# Perfect Q weekends X 2!



## Carolinek (Apr 2, 2014)

Both Lily and Misty had perfect Q weekends! They were both spot on this weekend, and my trainer even complimented me on how well I handled a tricky sequence in Snooker. It was a nice weekend all around.

I haven’t been trialing much lately as some life events have taken precedence...including raising an energetic mini poo puppy. But Gracie is now 14 months old and life has settled down in other ways as well. So back to trials for the two older girls! Gracie isn’t quite ready yet, but soon.

I decided to do CPE with Lily and Misty now, and am enjoying this venue. It’s more relaxed and I may just concentrate on CPE for the rest of their agility careers. They get more runs in a day and the games are a lot of fun. Sadly, I just noticed Lily is developing a slight haze in her eyes, so hard to think of this girl aging, but she is ten (or more) now and it’s inevitable. It’s a good time to embrace a more relaxed venue.
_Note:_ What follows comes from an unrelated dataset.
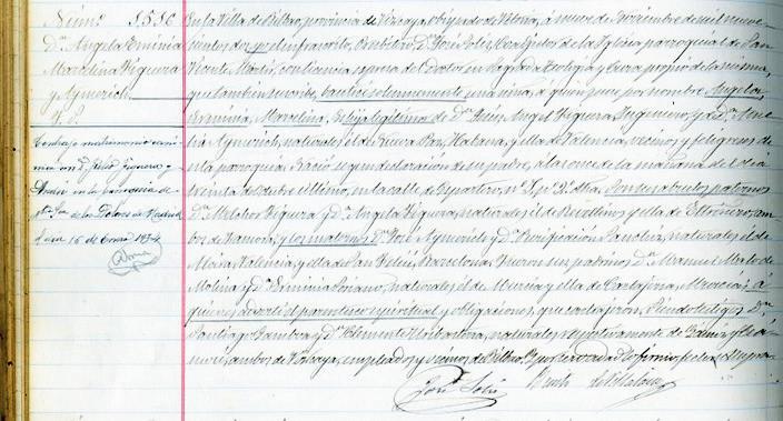 PARTIDA DE BAUTISMO DE ANGELA ERMINIA MARCELINA FIGUERA, PROCEDENTE DE SAN VICENTE MÁRTIR, DE ABANDO, BILBAO
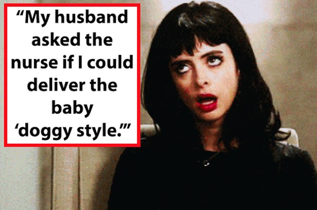 2. "While discussing the different positions I could deliver in with my nurse, my husband asked if I could deliver 'doggy style.'"

Here’s a few pics of the two girls, Misty is not a poodle but I hope you can indulge my brag. Very proud of my two girls- both took their first agility class at age 6 and are rescues with various issues....and I’m so proud of how far they have come.


----------



## Skylar (Jul 29, 2016)

Wow, that’s wonderful. what a great weekend you had. Huge congratulations.


----------



## Carolinek (Apr 2, 2014)

Thanks Skylar! It was a feel good weekend for sure.


----------



## PeggyTheParti (Sep 5, 2019)

Congratulations! 

These pictures make my heart soar


----------



## Newport (Jul 16, 2014)

Congratulations! I really enjoyed your pictures, and your pups happy faces.


----------



## fjm (Jun 4, 2010)

Lovely to see them enjoying it so much - it sounds as if it was a memorably good weekend all round.


----------



## lily cd re (Jul 23, 2012)

Happy happy, Joy joy!!!!!!!!!


----------



## lily cd re (Jul 23, 2012)

Happy happy, Joy joy!!!!!!!!!


----------



## Carolinek (Apr 2, 2014)

Thanks all! It was a memorable weekend, and one I will treasure. They do love it, people are always commenting on how Lily’s tail wags the entire time she’s out there!


----------



## Click-N-Treat (Nov 9, 2015)

I am so thrilled for you. Just fantastic. Whoopeeeee!


----------



## Carolinek (Apr 2, 2014)

Thanks Click, it was a good trial.

I remember a judge saying once in the briefing to cherish every moment, no matter what the win, as you never know...it may be the last time you run your dog. As I see Lily start to move a little more slowly and look at the slight haze she is developing on her eyes, that message is ever more poignant. Not to mention, that I’m not getting any younger either. Being able to do this with them is such a gift.


----------



## hrsldy (Oct 8, 2019)

Amazing pictures and beautiful dogs


----------



## Carolinek (Apr 2, 2014)

Thanks hrsldy! I do love these girls.


----------



## Quossum (Mar 18, 2011)

Congrats! Those kind of weekends are rare but very welcome. Great job!


----------



## Carolinek (Apr 2, 2014)

Thanks Quossum! The stars did come together that weekend.


----------



## Streetcar (Apr 13, 2014)

So happy for you and the pups, CarolineK! That was an outstanding and super fun weekend, I know.


----------



## Carolinek (Apr 2, 2014)

Thanks Streetcar! It was a lot of fun. I will say though, I did feel a bit of pressure to perform as the weekend went on. It was kind of like “can we really do this x2?” Im still amazed that we really did do it!


----------